T-Mobile does something that no other carrier on Earth has done before

T-Mobile does something that no other carrier on Earth has done before
After recently completing a 5G data call successfully in the wild over its low-band 600MHz spectrum, T-Mobile made another big announcement today. For the first time in North America, it completed a stand-alone 5G data session. Current 5G devices used in the handful of markets where 5G is now available, connect to 5G and LTE at the same time (non- stand-alone). What T-Mobile tested today is a network dedicated to 5G only. The wireless provider says that such networks will "supercharge" those phone applications based on AR and VR that depend on a real-time response from the user. It also will help the user experience with cloud gaming, improve productivity in smart factories, and perhaps power self-driving vehicles.

And for the first time ever on this planet (we don't know if the aliens are on 6G), the aforementioned data session was completed using "a multi-vendor 5G next-generation radio and core network." The companies involved in this test are names you should all be familiar with such as Ericsson, Nokia, Cisco, and MediaTek. 5G will provide consumers with download dataspeeds 10 times faster than 4G LTE download speeds. A movie that used to take minutes to download on your phone will take seconds on 5G. Once 5G becomes available in the U.S. coast-to-coast, something T-Mobile says will take place next year, new industries will be developed. The U.S. economy is very likely to get a shot in the arm once this all takes place.

A combined T-Mobile-Sprint will offer data speeds 4 to 6 times faster than the two remained separate companies


A 5G driven economy is likely to create new jobs and this was one of the arguments that T-Mobile has been making in order to win U.S. regulatory approval of its merger with Sprint. The carrier feels that the combination of its low-band airwaves (which travel farther and penetrate buildings well) and its mmWave ultra high-frequency holdings (that have higher dataspeeeds and capacity, but only travel short distances and don't penetrate structures well) will blend perfectly with Sprint's mid-band spectrum.
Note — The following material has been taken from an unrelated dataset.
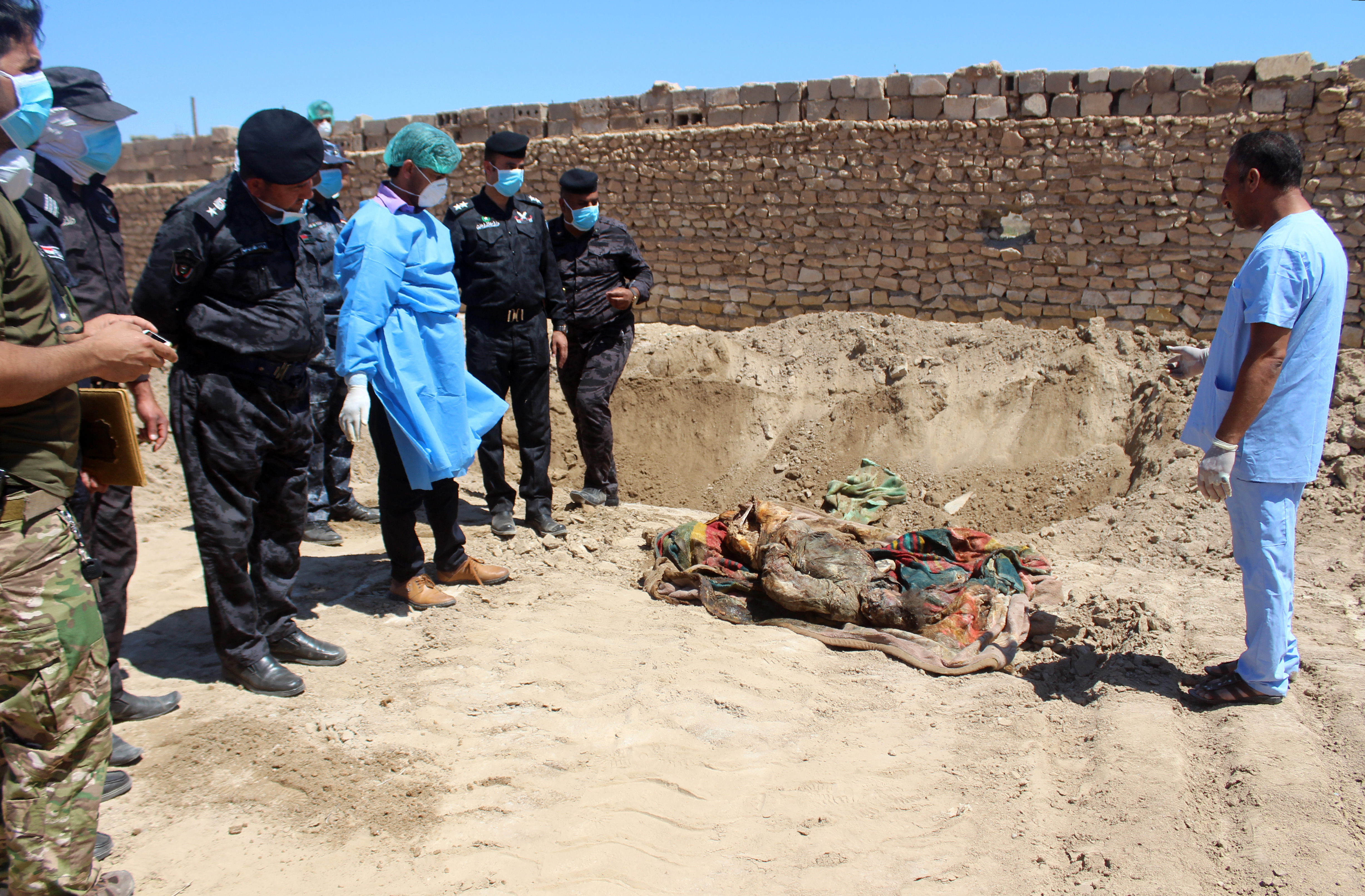 Три захоронения, в которых находились останки около 40 человек, были найдены 19 апреля на футбольном поле в Рамади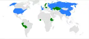 The 2017 United Nations Security Council election was held on 2 June 2017 during the 71st session of the United Nations General Assembly, held at United Nations Headquarters in New York City. In addition to the regular elections for five of the non-permanent seats on the UN Security Council, there was by-election for a sixth seat held by Italy who relinquished its seat at the end of the year as part of a term splitting agreement with the Netherlands.[1] The regular elections are for two-year mandates commencing on 1 January 2018; the by-election is for the remainder of Italy's term.[1] In accordance with the Security Council's rotation rules, whereby the ten non-permanent UNSC seats rotate among the various regional blocs into which UN member states traditionally divide themselves for voting and representation purposes, the five regularly available seats are allocated as follows:

The 2.5GHz hoard owned by Sprint, combined with T-Mobile's 600MHz will be an important part of T-Mobile's sub-6GHz 5G service. Verizon plans to use only mmW spectrum for its 5G network, which means it might take longer for Big Red to build out a nationwide 5G network than T-Mobile.


T-Mobile has been pushing hard to complete the merger, and the company says that by 2024, the New T-Mobile (the merged T-Mobile-Sprint) will have eight times the 5G network capacity than a stand-alone T-Mobile and Sprint. And even better, 5G dataspeeds will be four to six times faster than if the pair remained separate companies. And these improvements can be traced to the use of T-Mobile's low-band spectrum  together with Sprint's mid-band airwaves.


Last week, the Department of Justice approved the $26.5 billion merger between T-Mobile and Sprint after the pair agreed to sell some assets to Dish Network. The latter will create a "fourth nationwide facilities-based network competitor," a fancy term for saying that Dish will replace Sprint as the fourth-largest carrier in the states. And Dish will be building out its own stand-alone 5G network while operating as an MVNO while the construction takes place.

Only one thing is preventing this merger from closing. That's a lawsuit filed by the attorneys general in 13 states and the attorney general of Washington D.C. The suit aims to block the merger and a trial might not get underway until December.